It’s been one of those battle-cries of mine the last while. Everything in the world, culturally-speaking (and I don’t necessarily mean high culture) seems to be evaporating into mindless bullshit.

The AV Club – a site I admittedly have a love/hate relationship with already – just posted an interview with actor Paul Giamatti. In the opening summary, the interviewer describes the plot of his latest film, which reads like a counterscript of 1999’s Being John Malkovich and yet there is no mention of this parallel anywhere in the article, something even Entertainment Tonight would do.

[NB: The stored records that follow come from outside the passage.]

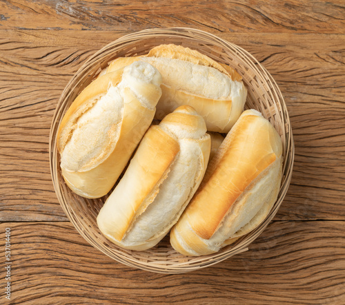 French bread, salt bread or pistolet in a basket over wooden table
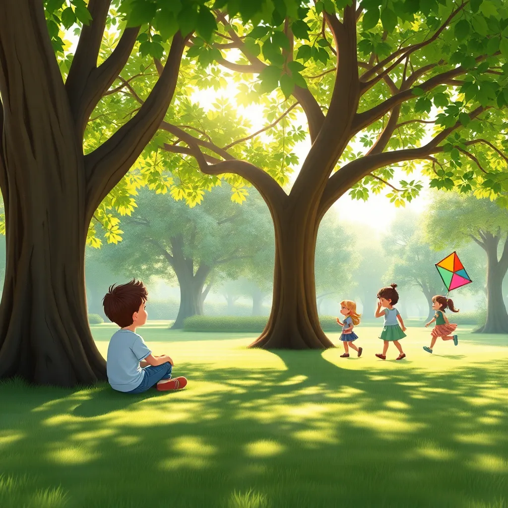 Parka vardıklarında, Leo hemen en güneşli tepeciğe koştu. Diğer çocuklar gölgeleriyle oynuyor, onları uzatıp kısaltıyor, gölge kovalamaca oynuyorlardı. Leo ise bir ağacın altına oturup onları izledi. İçinden 'Keşke benim de bir gölgem olsaydı' diye geçirdi. Tam o sırada, yanına küçük bir kız yaklaştı. Adı Zeynep'ti ve elinde rengarenk bir uçurtma vardı. 'Neden bizimle oynamıyorsun?' diye sordu. Leo biraz utangaç, 'Benim gölgem yok' diye mırıldandı. Zeynep şaşırdı, sonra gülümsedi: 'O zaman sen ışığın kendisiyle oynayabilirsin! Bak, güneş ışınları yaprakların arasından süzülüyor, sanki görünmez bir ressam resim yapıyor!'
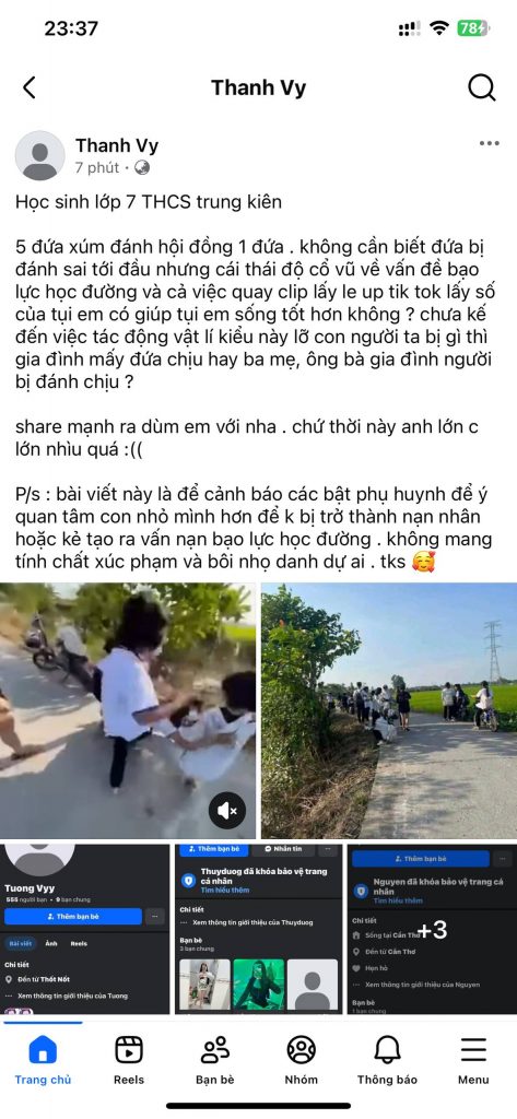 “Bài viết này là để cảnh báo các bật phụ huynh để ý quan tâm con nhỏ mình hơn để k bị trở thành nạn nhân hoặc kẻ tạo ra vấn nạn bạo lực học đường . không mang tính chất xúc phạm và bôi nhọ danh dự ai . tks
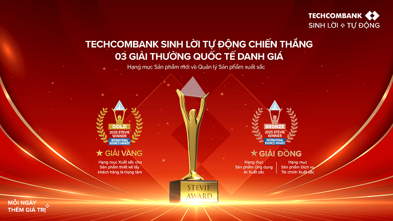 Hà Nội, Ngày 09 tháng 09 năm 2025 - Sản phẩm Techcombank Sinh Lời Tự Động 2.0 của Ngân hàng TMCP Kỹ Thương Việt Nam (Techcombank) vừa chính thức giành giải Vàng Stevie® ở Hạng mục Xuất sắc cho Sản phẩm thiết kế lấy khách hàng là trọng tâm. Bên cạnh đó, Techcombank cũng được trao hai giải Đồng Stevie® cho các hạng mục Sản phẩm Ứng dụng AI Xuất sắc nhất và Sản phẩm Dịch vụ Tài chính Xuất sắc. Cả ba giải thưởng này đều nằm trong khuôn khổ Giải thưởng Kinh doanh Quốc tế thường niên lần thứ 22 (International Business Awards®) do Stevie Awards tổ chức.

The interviewer talks about this upcoming film with Giamatti as if it and his role – the John Malkovich role, if it were Being John Malkovich – were just soulless objects to be discussed out of necessity. In other words, it’s just like any other media-junket interview, like something you would read in InStyle or Chatelaine. Not that those examples are b-a-d, but when you pride yourself as better, especially savvy, tongue-in-cheek better, you shouldn’t even be in the same postal code as InStyle or Chatelaine if you want to retain your reputation.

The Motley Fool – again, a site previously known for being savvy, even though they deal with the stock market – now reads like Ain’t It Cool News, complete with arguments which, under rational analysis, seem completely idiotic and antithetical to what one would assume is their mission statement (ie. being different than the rest of those brain-dead-and-short-sighted Money sites).

Oh, and CNN. Not that they’ve ever been more relevant than a Reuters news ticker, but they’ve gone from mediocre to stupid by allowing one of their show hosts, Lou Dobbs, to continuously question the origin of Barack Obama’s citizenship, a paranoid suspicion virulent in the libertarian/right-wing fringe of the U.S. that has been repeatedly disproved (read: he doesn’t want Johnny Foreigner running and ruining the most-possibly-greatest-country-ever-in-the-world).

Now, one of the arguments I can imagine hearing is: well, Matt, in a 24-hour newsday (whether on TV or the Internet) when people expect constant information there inevitably has to be weaker material. To which I say: I understand, but I’d settle for less information over less hours (if need be), if it means the information will be consistent and better. After all, you are what you eat, and in this day and age we feed on media in an astonishingly unconscious and voracious manner.